Я его в эту дырочку вставлю
и согну, покрутив у виска.
Поворот механизма натужен —
не хватает каких-то пружин.
Приглашает индейка на ужин,
а судьба соблюдает режим.
Обрати внимание, читатель, как внешне легко «выстреливаются» трагические обобщения Остудина: «Бог выберет тебя и не применит!» — или: эта судьба (злодейка-индейка), которая «соблюдает режим». Здесь такой соблазн возникает — поставить точку, привлечь читательское внимание ударной концовкой, но именно потому, что это не придумано, а рождено в течение и в течении стиха, как и в первом, так и во втором случае, не теряя интонации и художественного содержания, продолжается стихотворная речь, разворачивая поэтическую картину:
За подкладкой — идеи из меди,
в черепушке копейки звенят.
Как закат отвратительно медлит,
как стихи упоительно злят!
И в стране, где дороги в порядке —
в глушь, в Саратов, поэтов маня,
наступает прохожим на пятки
оболденская осень моя!
Право же, да простит мне автор фривольность, «в черепушке» Остудина возникает поэзия в своем первородстве. И это дороже любой литературной игры, любой шалости поэта. Только не показалось бы читателю, что сама по себе игра раздражает рецензента, нет же — в том и дело, что в большинстве своем игровые приемы автора работают, действуют, создают, выстраивают поэтический характер Остудина. Его ассоциативные переключения стремительны, изобретательны, азартны. Свободное поэтическое дыхание — очевидная примета остудинского стиха, и привет классику звучит в качестве поэтического сопряжения времен, когда поэтика сегодняшнего дня отзывается узнаванием поэзии, уже преодолевшей временные границы:
Люблю грозу в конце июня,
когда кипит в саду вода,
когда пускают окна слюни
и днем темно как никогда…
Сломив сопротивленье Ома,
природной физики азы,
дождь отрясает клубни грома
с трепещущих корней грозы!
Тогда и выстоять не страшно
былинкой в этом кураже.
Сирени гречневая каша
готова к ужину уже…
Остудина вкусно цитировать еще и потому, что стих его музыкален, аллитеррирован, многозвучен и это не достигается мучительными стараниями бедного интеллекта, а является еще одним важным природным свойством его стихо-творной речи. Иными словами — Остудин точен не только в слове, о чем уже было сказано. Он точен в звуке. Стих богат, свободен, таким бы и писать «клубни грома» и «корни грозы», да вот болевое ощущение времени и пространства ищет точного приземления: «Ты летаешь, как птица, только некуда сесть!» — печалится автор.

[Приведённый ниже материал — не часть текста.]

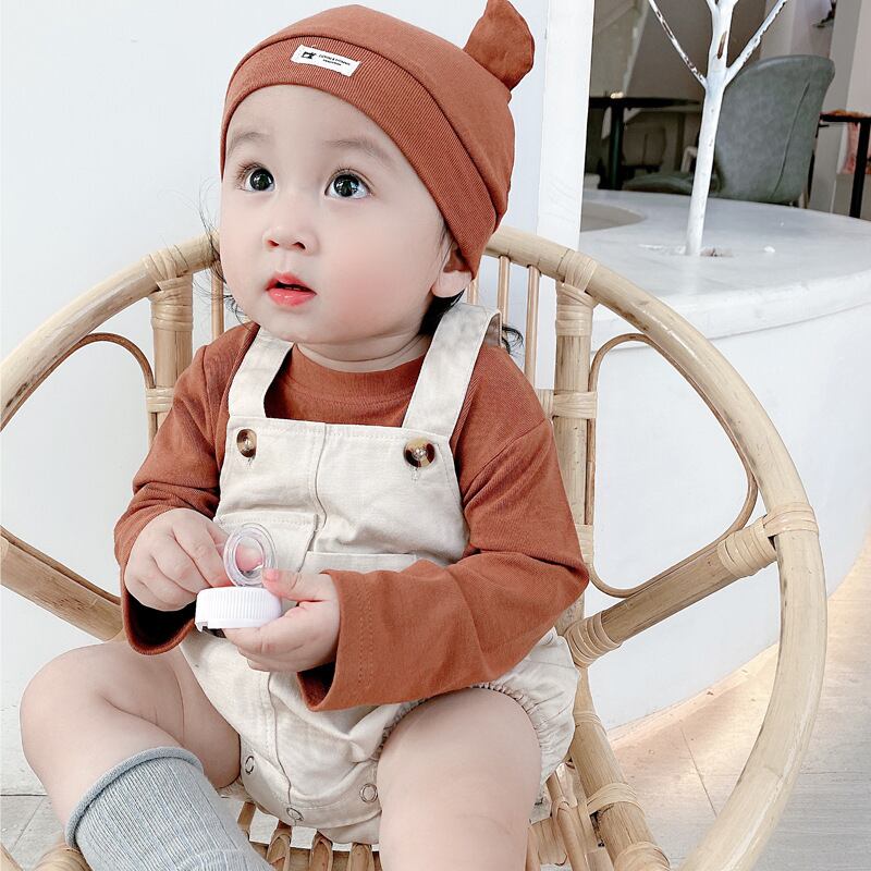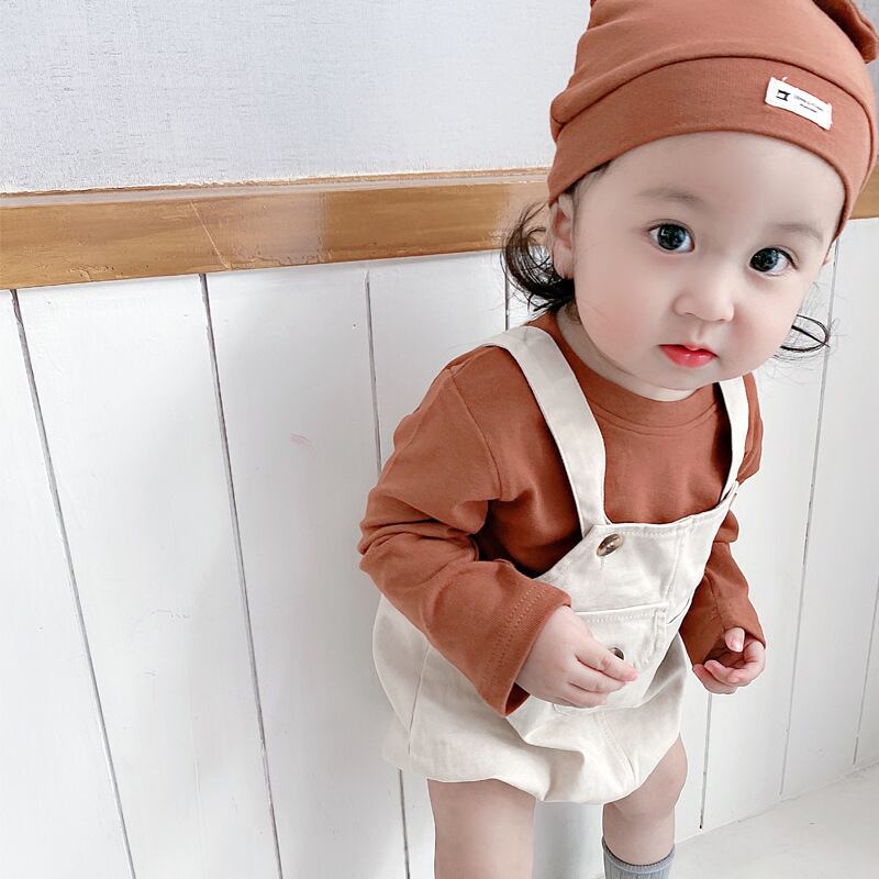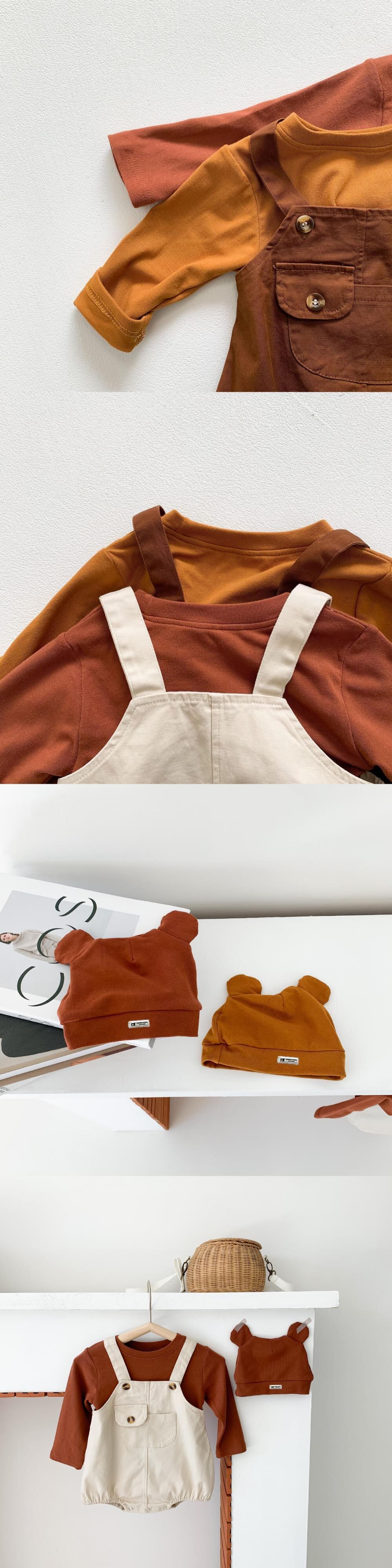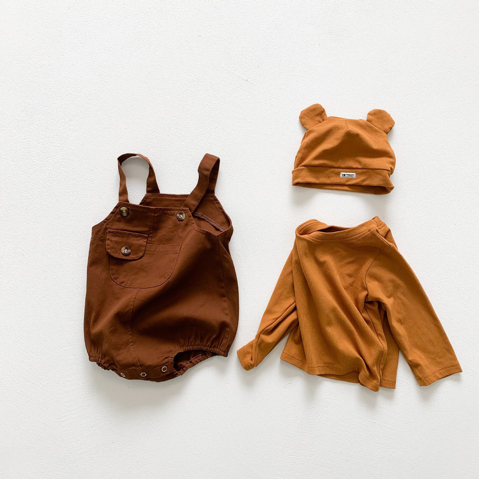 色:ブラウンレッドのボトミングシャツ+帽子,ダークカーキベースシャツ+帽子,アプリコットビブ,ブラウンのオーバーオール,アプリコットスーツ,茶色のスーツ

Сказанное не значит, что поэт не ощущает земли под ногами, что им потеряно чувство родной почвы. Наоборот, он подчеркивает это свое земное — в духовном и географическом смысле происхождение:
Я вышел из детства, в чем был, ты меня
не рожала —
я выскользнул искрой в трубу из ночного
пожара!
удящее пламя казанских проулков и скверов
вылизывало, будто сука, нас —
сирых и серых.
Я вышел за квасом с бидоном
в июльское утро
во двор, где на лавках — портвейн, а в кустах
— камасутра.
Где пеной пивной поднялись
тополиные кроны
и старый фокстрот подавился иглой
патефонной!
Каждый настоящий поэт заново открывает «свою Америку» (по Винокурову), открывает свою Казань. Каждый настоящий поэт, таким образом, открывает свой мир, обретает его и себя в этом мире. Жизнь может быть обыденно печальной, «простой», как заметил сам Остудин, но это прежде всего — жизнь! И жизнь во всех ее проявлениях — радость жизни, радость бытия. Об этом можно рассуждать, не замечая, что пафос отдает дешевым содержанием, что произносишь банальные вещи, но обратись к слову поэта — и банальное станет неожиданным в своей простоте открытием:
Дождь доносы печатает нудно,
ну и ты по стеклу барабань!
На суку, где болтался Иуда,
астраханская сохнет тарань.
Банка с пивом, разбитая осень —
пусть ее киноварь в монтаже.
Все любви у Всевышнего просим,
невдомек, что любимы уже…
Внимательный читатель, соглашается ли он с мнением рецензента, или готов спорить с ним, прослеживая цитаты из остудинских стихов, не может не ощутить мощную лирическую волну, составляющую суть поэзии Алексея Остудина. Его лирико-философские стихи — при всем разнообразии постмодернистских
приемов, в исполнении автора не противоречащих прямоте лирического высказывания, — доверительны по отношению к читателю. Остудин чувствует своего собеседника, потому что он сам — собеседник, щедрый на полноту человече-
ской искренности и отзывчивости. Это хорошо прослеживается во многих цитированных выше строках. Остудин испытывает страх перед всякой житейской и, в том числе, словесной фальшью. Поэтому тонко чувствует момент, когда стиховая интонация приближается к выспренности, пафосности, а они претят Остудину и его стиху. Переключение регистров — надежный инструмент поэта. Ирония, улыбка, озорство немедленно приходят ему на помощь, снижая «форсаж»:
Танцующий лезгинку шесть веков
оброс Тбилиси шерстью облаков —
оттуда и прядется нить Кавказа.
Куру с Арагви Лермонтов связал:
у Грузии зеленые глаза
и гибкий стан девицы, что ни разу.
Но чем важнее для поэта мысль-переживание, тем сдержанней интонация автора, тем строже его строка, это видно в одной из его новых журнальных публикаций:
Цыганский откудахтал леденец...
Двадцатый век, позволь, пока не поздно,
тебя вдохнуть, как жемчуга ловец
с запасом набирает свежий воздух.
Путешествие по книге поэта Остудина сродни путешествию по Вселенной, которая может представляться безграни-чной, а может сжиматься до предельной малости — в любом случае читателя ждет ощущение всеохватности жизни. По-остудински это звучит так:
Обернется правителем шизик,
брызнет солнце в кромешную ночь —
ничего нет причудливей жизни,
даже то, что представить невмочь.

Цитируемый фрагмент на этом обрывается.